▶ [DIRECTIONS FOR THIS TASK]:
Reproduce, word for word, the lines in the material below starting with the one that has "1 pav. www.sergu.lt pagrindinis puslapis" and going on through the one that has "الكويتي للشعب اليمني". Leave out all pictures.

▶ [MATERIAL FOR THIS TASK]:

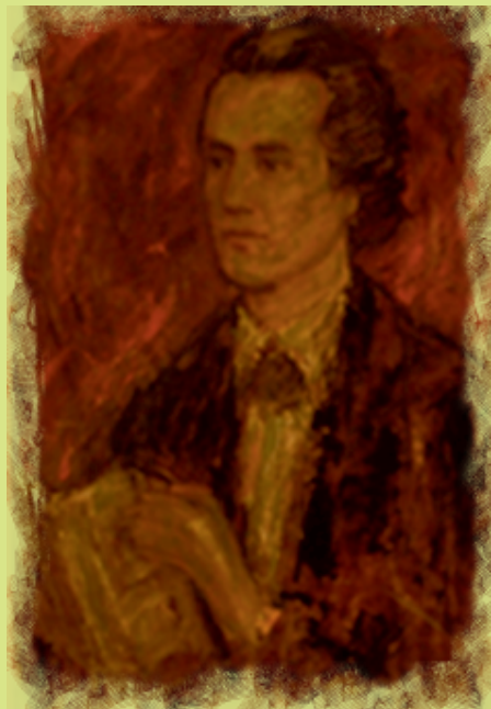
Portret al lui Mihai Eminescu realizat de Ion Țânțaș
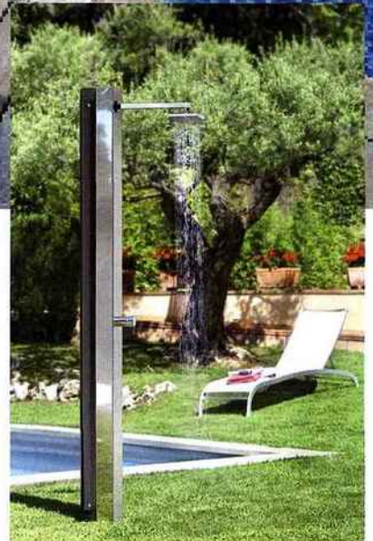
▲ Le modèle Niagara est une douche d'extérieur. De style épuré, elle offre des lignes contemporaines. Fabriquée avec des matériaux de première qualité, elle assure un fonctionnement optimal au bord de votre piscine. AstralPool, douche Niagara, www.astralpool.com .

Un esprit contemporain pour cette grande piscine à débordement de 15 x 4 m, à fond plat (1,57 m), réalisée en blocs à bancher. L'escalier-banquette conçu dans l'angle du bassin permet d'allier à la fois la convivialité et le bien-être lorsque les 4 buses de massage qui y sont intégrées sont en fonctionnement. Carré Bleu, Pyrénées Atlantiques.
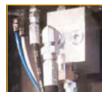
Regulační ventil VRP pro tlak a průtok oleje
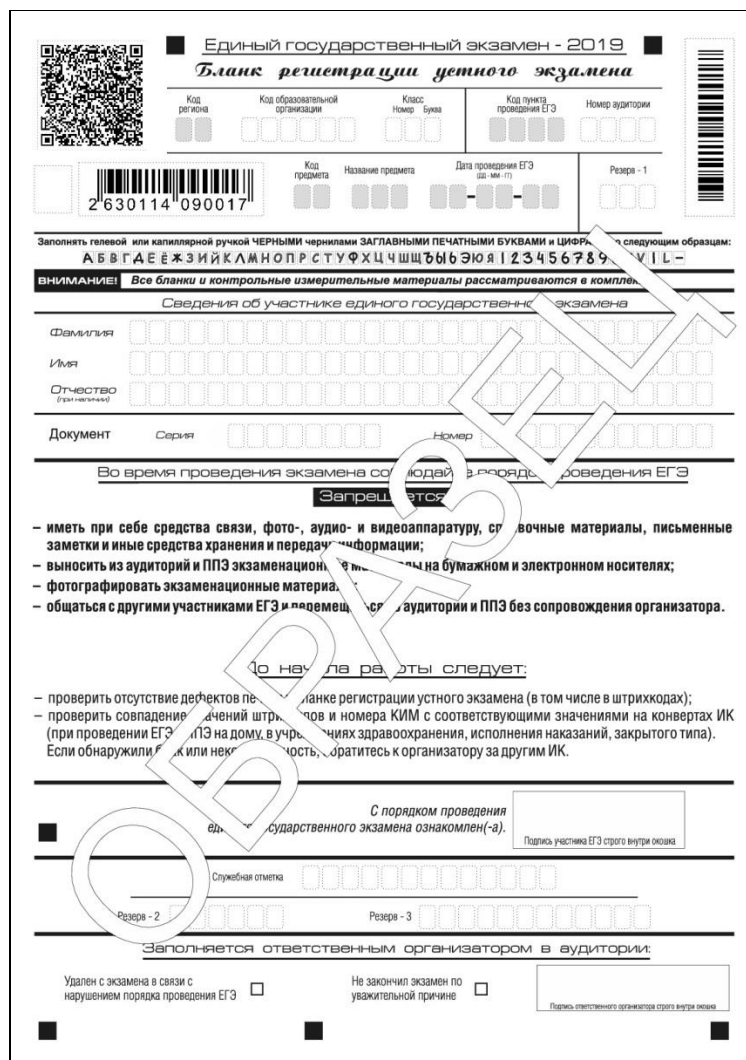
Рис 17. Бланк регистрации устного экзамена

Бланк регистрации устного экзамена заполняется так же, как обычный бланк регистрации (см. п. 3.3). В поле «Номер аудитории» указывается номер аудитории проведения устного экзамена. Служебные поля «Резерв-1», «Резерв-2» и «Резерв-3» не заполняются.
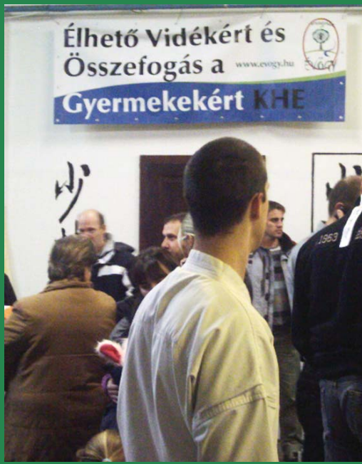
Ez a kezdeményezés is az ÉVÖGY nevéhez fűződik
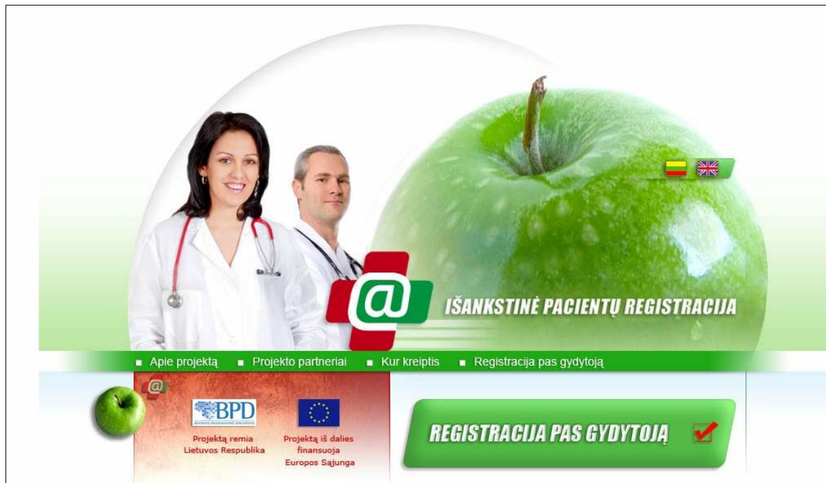
1 pav. www.sergu.lt pagrindinis puslapis

Atsidariusiame lange pelės mygtuku spaudžiama nuoroda „Registracija pas gydytoją“.
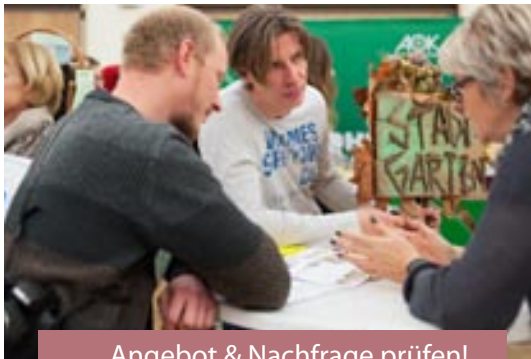
Angebot & Nachfrage prüfen!
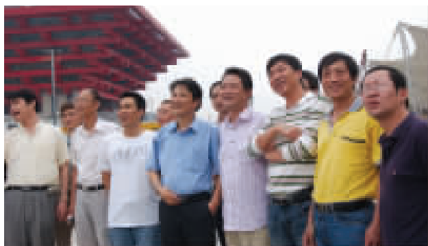
◆ 宝钢员工参观建设中的世博园区
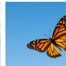
Save the Butterflies
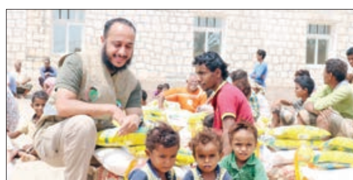
• استمرار العطاء الكويتي للشعب اليمني

وأوضح أن الدور الإغاثي الكويتي في اليمن تزايد بعد الحرب بشكل ملموس وخففت الإغاثة التي قدمتها مؤسسات وجمعيات كويتية من الآثار الإنسانية الكارثية التي خلفتها الحرب. وأشار إلى أن «الدور التنموي الكويتي قديم في اليمن ولا تكاد تجد مدينة يمنية ليس فيها مدرسة أو مستشفى قدمت الكويت هدية للشعب اليمني». وقال «حيفاً بيمت وجهك في اليمن اليوم فسجد بصمة خير كويتية وهذا ما عهدناه عن الأشقاء في دولة الكويت الذين يقدمون بصمت وإيثار ومحبة».
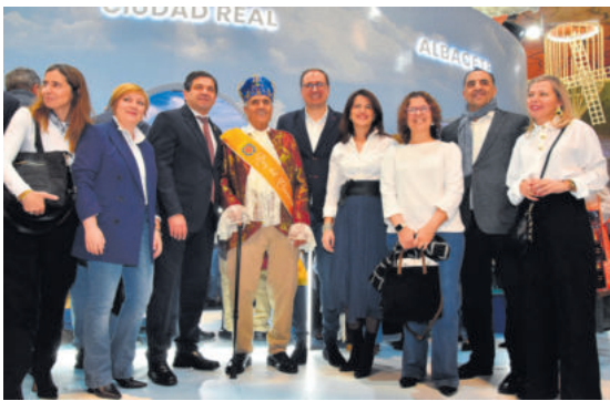
Autoridades junto al Rey del Carnaval en su visita a FIUR
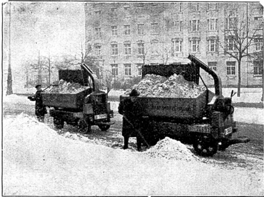
Abb. 22 Elektrokarren von 1\frac{1}{2} m^3 Fassungsvermögen beim Abtransport von Schnee.

Auf Seite 38 des laufenden Jahrgangs der Schweizer Elektro-Rundschau brachten wir einen Aufsatz über obiges Thema. Die nachfolgenden Abbildungen illustrieren und ergänzen die erwähnten Ausführungen.

▶ [SOLUTION TO THIS TASK]:
1 pav. www.sergu.lt pagrindinis puslapis

Atsidariusiame lange pelės mygtuku spaudžiama nuoroda „Registracija pas gydytoją“.
Angebot & Nachfrage prüfen!
◆ 宝钢员工参观建设中的世博园区
Save the Butterflies
• استمرار العطاء الكويتي للشعب اليمني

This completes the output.